Despite some commonalities from their opposite ends of the political spectrum, Carlson and Lemon weren’t two sides of the same coin. Lemon’s liberal commentary was often out of line during reporting on serious news events like the Ferguson riots of 2014, but he didn’t engineer blatant, potentially deadly lies in the way Carlson did. From CNN’s viewpoint, Lemon’s primary offense was his penchant for embarrassing, foot-in-mouth moments like his recent declaration that women are only in their “prime” through their early 40s.

So, yes, the cable networks that for years put up with Lemon’s left-leaning activism and Carlson’s white-nationalist-coddling lies ultimately fired them for what we’d argue were lesser offenses. That’s not ideal, but if it prompts other cable personalities toward the kind of responsible behavior that eluded their two dismissed colleagues, it’s worth something.

The Herald Bulletin on how now is the time to resolve debt crisis:

It’s been more than three months since the United States hit its $31.4 trillion debt limit, and our leaders in Washington are still nowhere near finding a solution.

This nation deserves better.

Instead of real leadership, we get posturing.
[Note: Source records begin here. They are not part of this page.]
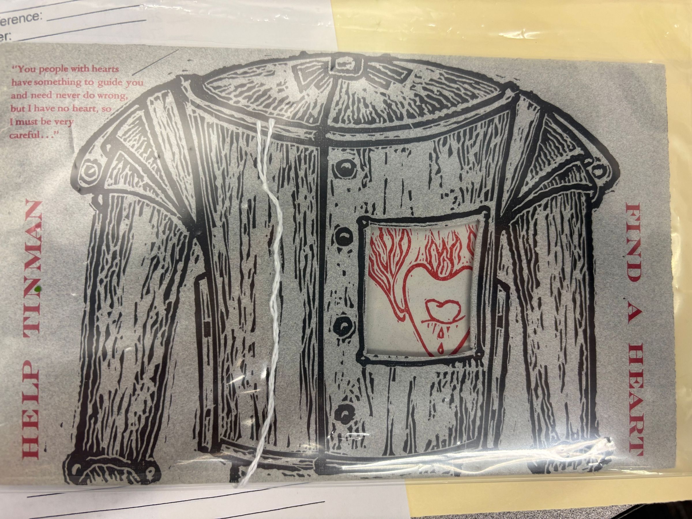 The zine's cover is foldable with a print on the front of a metal torso with a cutout showing a heart on the page beneath. The cut-out on the cover fastens on the back and a pocket contains a folded insert. It is written in a serif font.Collection
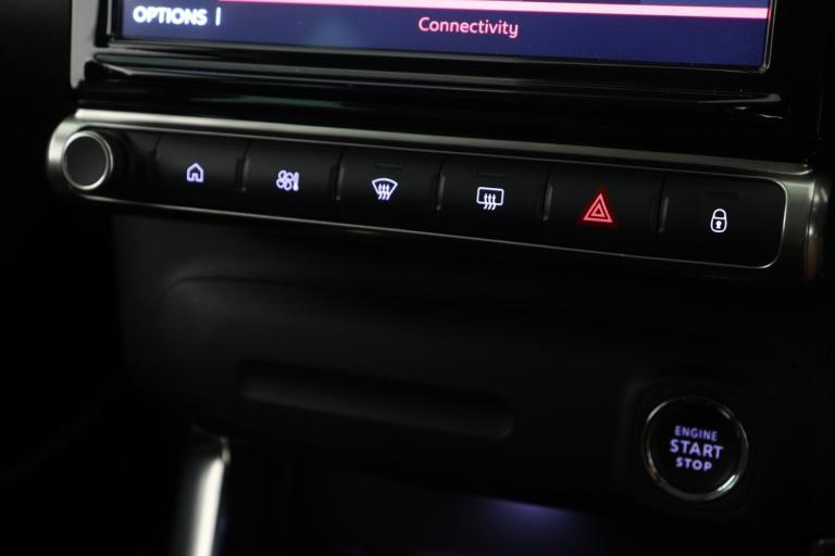 ..9'' Touchscreen display, Citroen connect box emergency and assistance system, Citroen Connect Nav with 3D navigation, Coffee Break Alert, Cruise control with speed limiter, Driver instrument cluster including trip computer and rev counter with white text LCD display and white needles and chrome decor, eCall emergency call system, Engine start button, Lane departure warning system, Mirror screen with Apple CarPlay and Android auto, Outside temperature sensor, Rear parking sensors, Tailgate, Top rear vision reversing camera, Traffic signs and speed limit recognition and recommendation, Variable assistance power steering, Voice recognition for radio, navigation and telephone features, Bluetooth hands free and media streaming with USB socket, Citroen connected DAB radio with 6 speakers, Steering wheel mounted controls for stereo and telephone, 3D effect LED rear lights, Automatic Eco LED headlights, Automatic lights and windscreen wipers, Black roof bars, Body colour painted door handles, Chrome chevrons front grille, Electric front windows + one touch + anti-pinch, Electric rear windows with one touch/anti-pinch, Electrically adjustable door mirrors, Electrically folding door mirrors, Electrochrome rear view mirror, Fog lights integrated into front bumper, Front and rear body coloured bumpers, Heated door mirrors, Heated rear window, Integrated roof spoiler, LED daytime running lights, LED third brake light, Painted door mirrors to match colour pack, Rear side wing doors, Rear wiper, Roof aerial, Tinted rear windows and rear quarterpanel glass, Variable front intermittent wipers, 12V socket in front, 12V socket in rear of vehicle, 60/40 split folding rear seats with sliding rear bench, centre armrest and ski flap, Automatic air conditioning, Boot light, Central adjustable armrest on drivers seat, Centre console with closed storage and chrome insert, Driver and front passenger cup holders, Driver and passenger sunvisor with courtesy mirror, Flex load/Pull out boot floor, Front and rear courtesy reading lights, Front and rear door storage, Front head restraints, Front passengers seat flat folding, Glovebox with closable lid, Height adjustable driver's seat, Height and reach adjustable steering wheel, Integrated retractable rear side window sun blinds, Leather steering wheel with satin chrome inserts and radio controls, Manual handbrake with chrome insert, Passenger compartment headlight adjustment, Rear isofix mounting points (outside seats) with top tether,
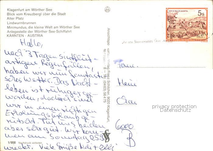 72464833 alte Postkarte Klagenfurt Woerthersee Lindwurmstadt postalisch gelaufen Erhaltung siehe scans KatCode: 11390211020101
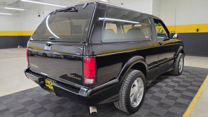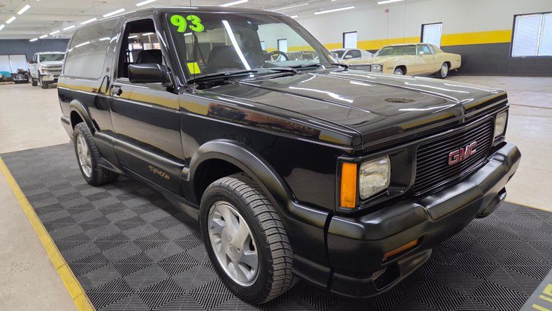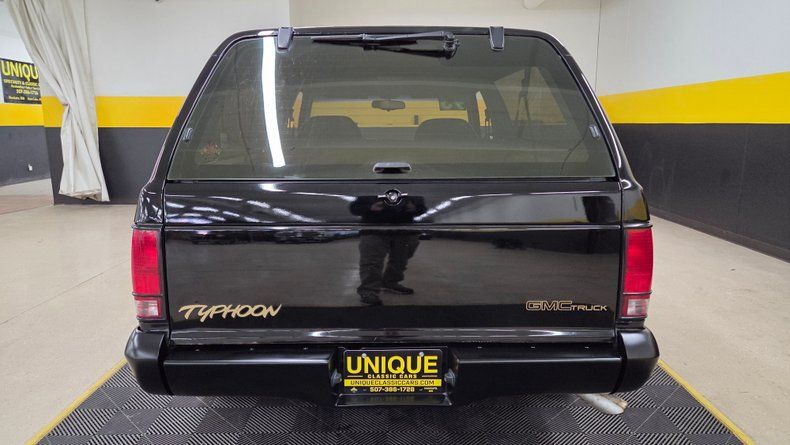 1993 GMC Typhoon, a classic super truck known for its turbocharged performance and all-wheel-drive capability. This particular Typhoon has ONLY 36,353 MILES and clean Carfax history. Under the hood lies the renowned TURBOCHARGED 4.3L engine, paired up with an automatic transmission with overdrive, and all wheel drive. Nicely equipped with power steering, power brakes, and factory air conditioning, though the (AC does not blow cold.) The exterior is finished in a striking gloss black paint with blacked-out grills, bumpers, and headlight bezels, complemented by a satin black lower cladding with gold Typhoon lettering. Riding on the correct factory wheels. The bodywork is remarkably free of significant dents, scratches, or dings. Inside, the cabin features dark charcoal (or ebony) leather bucket seats with multi-power adjustability and lumbar support, a center console, AM/FM CD player, and all modern amenities of the era such as power locks, windows, and mirrors. The headliner and second-row seating are in nice condition, and the overhead console and tilt steering column enhance comfort and convenience. The Typhoon has been well maintained, with recent replacements including a new alternator, battery, lower control arms, upper ball joints, shocks on all four corners, and new rear brakes. The rear glass struts are weakening and may need replacement. A keyed nut removal tool for the center caps is stored in the glove box. On the road, smooth yet strong acceleration. The distinctive turbo boost delivers strong torque while maintaining a relatively quiet factory exhaust sound. The all-wheel-drive system provides excellent traction, making it a capable and fun vehicle to drive. The heater and dashboard instrumentation, including the turbo boost gauge and tachometer, are fully operational and add to the driving experience.
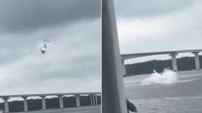 गश्त के दौरान हादसा: पुलिस का हेलिकॉप्टर नदी में गिरा

The plan Speaker Kevin McCarthy pushed through the House has no chance of clearing the Democratic Senate or of gaining the signature of President Joe Biden.

The plan wouldn’t even end the crisis.

It would simply postpone the standoff until next spring, at a time when our elected representatives will be even more consumed by politics, squarely in the middle of a presidential election campaign.

The package raises the nation’s $31.4 trillion debt limit by $1.5 trillion, but it also requires Congress to revisit the issue by the end of March.

Billed as an opening move in negotiations, this so-called “Limit, Save, Grow Act” spares the Pentagon budget but makes sizable cuts to domestic programs, returning funding for federal agencies to 2022 levels while limiting budget increases to 1% per year. The nonpartisan Congressional Budget Office says the measure would trim the deficit by $4.8 trillion over 10 years.

As part of the 320-page bill, the GOP also proposes to block Biden’s plan to grant student loan forgiveness, while repealing green energy tax credits and killing new funding for the Internal Revenue Service.

The measure would also give Congress more power to halt regulations from the executive branch, and it would expedite new oil drilling projects while rescinding funding enacted to respond to the COVID-19 pandemic.

The bill increases work requirements for those receiving food stamps and adds similar mandates for those on Medicaid and the Temporary Assistance for Needy Families program.

The plan has no chance of becoming law, but it’s long past time our federal lawmakers had this debate.

They need to trim the fat where they can and fund the programs worth keeping.

Above all, they need to stop threatening to drag our nation’s economy over a cliff.

It’s fine for Congress to debate future spending. That’s what our federal lawmakers were elected to do.

But it’s time to get rid of the debt ceiling. The full faith and credit of the U.S. government should never be held hostage by partisan bickering.

The clock on this debate is ticking. The Department of the Treasury has been using cash on hand and budgetary maneuvers to keep the government afloat, but those tricks will stop working soon, some say as early as late May.

These recurring fights over the nation’s debt have generally been resolved without doing serious economic damage, but we should not forget what happened in 2011 when a similar standoff led Standard & Poor’s to downgrade the U.S. credit rating for the first time in history, rocking financial markets around the world.

An actual default would be far worse, causing interest rates to skyrocket and the basic functions of the federal government to falter. Lots of Americans would lose their jobs.

Congress needs to stop these games. The American people should demand it.